The Plot Thickens
“Play it again, Sam”
I’ve been misquoting Snow White and the Seven Dwarfs my whole life. As it turns out, the line is not “mirror, mirror, on the wall who is fairest of them all?” but is instead “magic mirror on the wall, who is the fairest one of all?”
I’m going to assume that I’m not alone in misquoting a movie from 1937, as that blunder has made its way onto several “most misquoted movies” lists on the internet. In fact, the line is so misquoted, it has surpassed the original so vastly, that in the 2012 live-action fantasy Snow White and the Huntsman, Charlize Theron’s Evil Queen even says the more popular, iconic, yet ultimately wrong dialogue.

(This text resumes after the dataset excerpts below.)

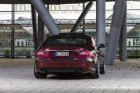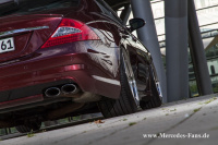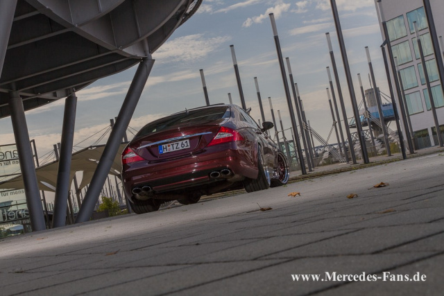 Nesat schwingt sich in den Fahrersitz und startet das V8-Aggregat. Im Display des Kombiinstruments erscheint das Chromewheel-Firmenlogo. Zum metallischen Sound des Kompressors gesellt sich das gierige Schlürfen der acht Töpfe bei kurzen Gasstößen. Die Auspuffanlage wurde etwas modifiziert. Eine X-Pipe verschärft den ohnehin sehr kernigen Klang des CLS.
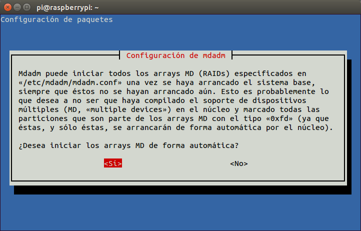 - La primera es si queremos que el software RAID arranque al principio de todo para instalar ahí el sistema operativo. A lo que tenemos que contestar que no, pero que si leemos el texto se hace indicando:
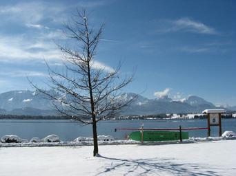 Keywords: winter snow clouds sky white cold all wintry landscape snowy tree allgäu lake forggensee alpine panorama mountains outlook foothills of the füssen
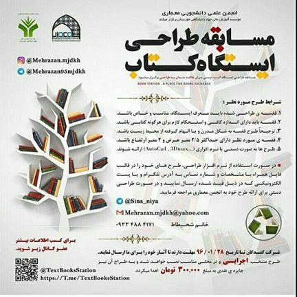 انجمن علمي دانشجويي معماري موسسه آموزش عالي جهاددانشگاهي خوزستان مسابقه طراحي ايستگاه كتب درسي برگزار ميكند

Casablanca tells the story of star-crossed lovers trapped in a soon-to-be occupied African town, being ripped apart by having to decide between love and duty. I just rewatched Casablanca for a class and although I knew somewhere in the recesses of my mind that the line is not “Play it again, Sam,” I still found myself surprised every time the characters say something very close to, but not exactly, the words that have come to epitomize the entire film. Mostly, they say “Play it, Sam” although Ingrid Bergman’s Ilsa does utter “Play it once, Sam.”

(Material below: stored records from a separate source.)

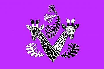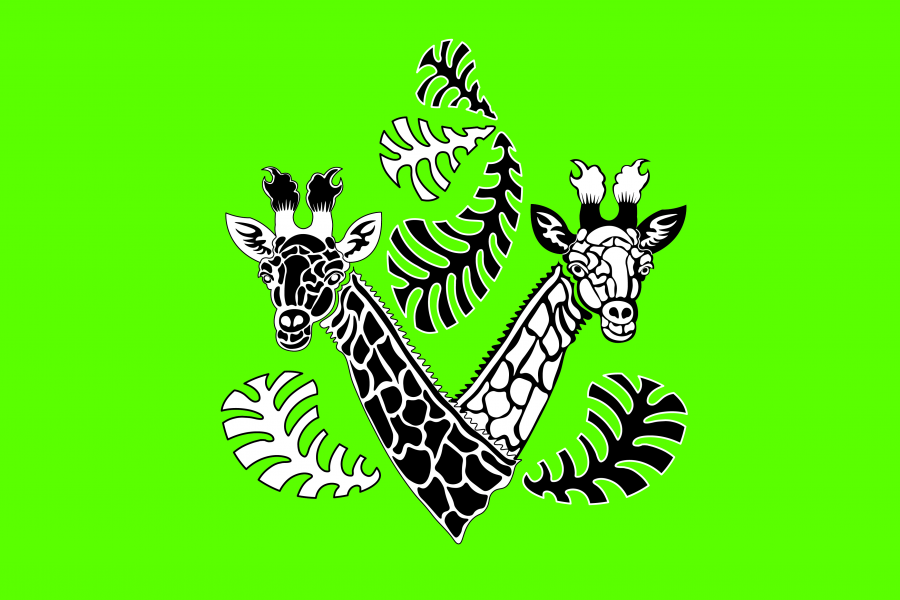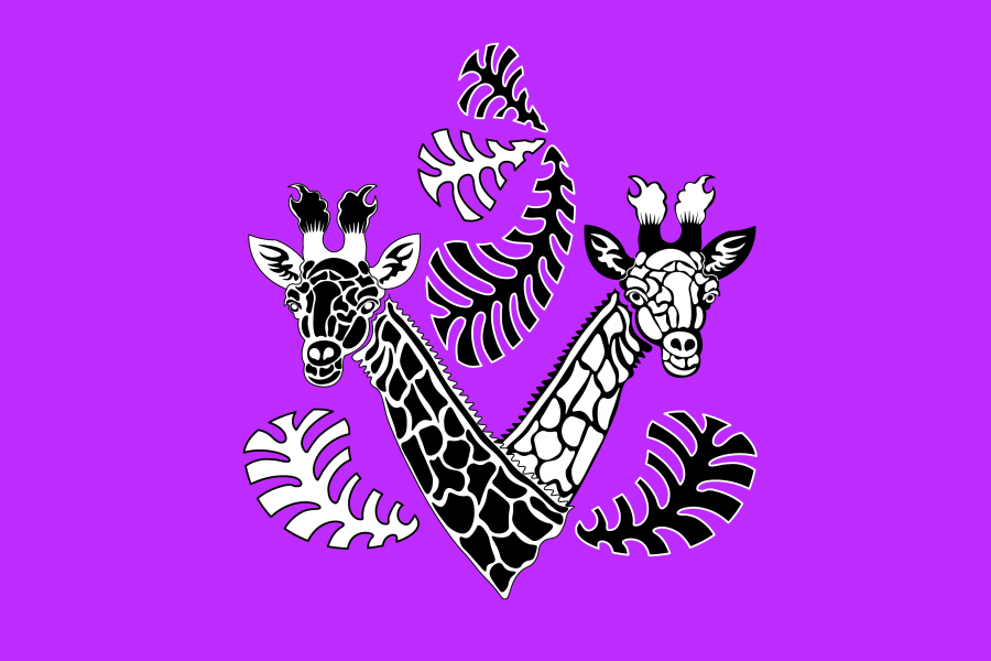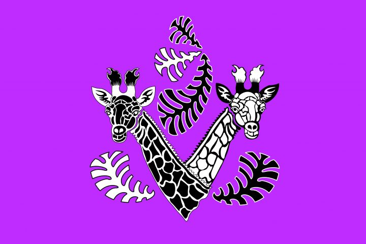 Пара красивых жирафов, черно белый векторный рисунок на цветном фоне, который можно использовать в качестве открытки, обложки, иллюстрации и т.д.
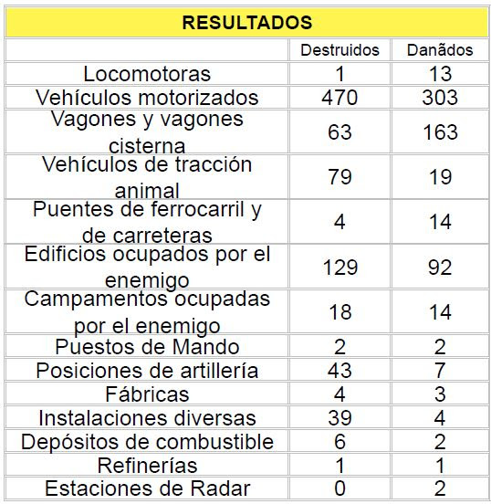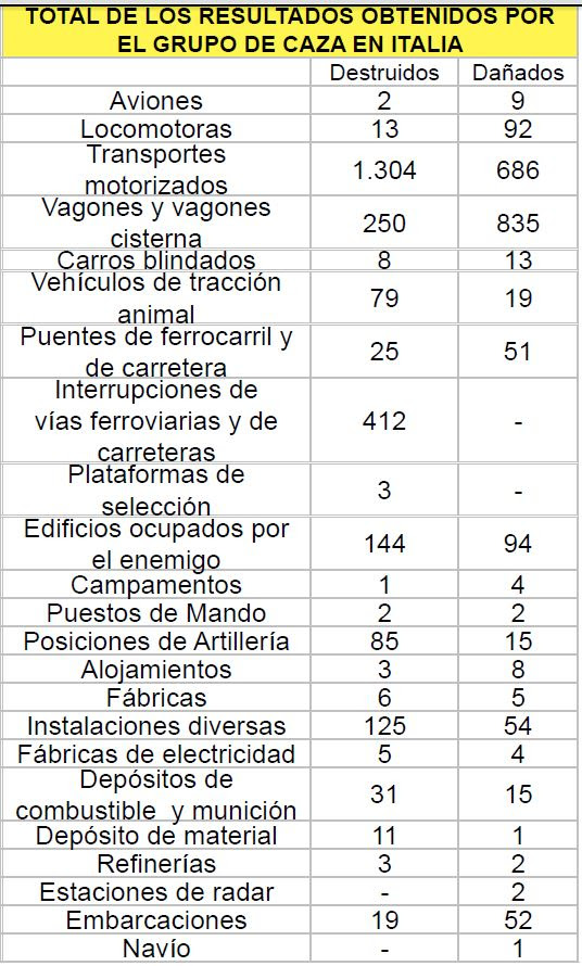 ![]() ![]() Na “Ofensiva de Primavera” o Grupo Brasileiro de Caça obteve o seguinte resultado:
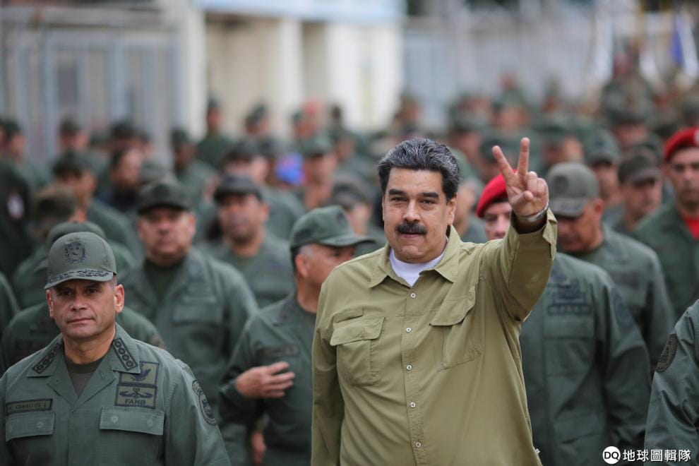 在首都卡拉卡斯的軍事基地,委內瑞拉總統馬杜洛(Nicolas Maduro)對著鏡頭比出勝利手勢。

None of this really matters much; however, is it perhaps more iconic that a film is known for something it doesn’t do rather than something it does?
Psycho’s shower scene never shows exposed breasts, nor the knife ripping open skin, yet it’s safe to say that most people would assume it does. The line in Empire Strikes Back is really “No, I am your father,” and Luke’s name is nowhere to be found in the sentence, yet almost everyone inserts it there.
If you know me, you know that I take the use of the term “iconic” very seriously. It’s thrown around far too often. Just because something exists and perhaps is popular does not make it iconic. Iconic has to do, in my understanding of the word, with assigning meaning to said thing. It happens over a period of time, not instantly and it requires the consensus of a large number of people rather than a few individuals.
These misquoted lines are iconic not simply because they’re popular but because we’ve assigned them meaning over decades and they’ve come to represent an entire body of work, even if they are a bit off.